The ontology is stored as part of the governed data product’s metadata or in a domain-level ontology service. When you build the process graph or run a “full context” query, the system uses this graph to know which entities to traverse and how to join them.

Why it matters for governed data products and AI

Without an ontology, “everything about this order” is undefined — you’re left to hand-wire every join.
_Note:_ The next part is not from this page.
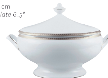
Réf. 147 Soupière (2 L) Soup tureen (68 oz)
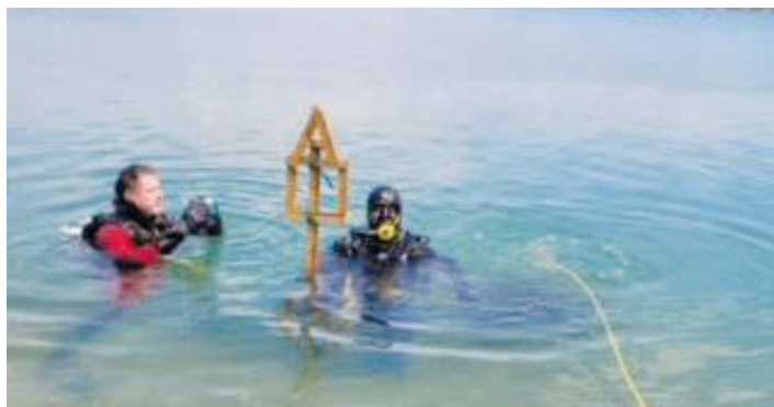
Das Haus ist fertig!

With an ontology, the governed data product (and Loxtep’s process graph) knows exactly which entities to pull in and how they connect. AI can use the same structure to reason (“this refund relates to this payment, which relates to this order”) and to explain its answers. In Loxtep, the ontology underpins how we build and serve the process graph so the context we deliver is structurally correct and complete.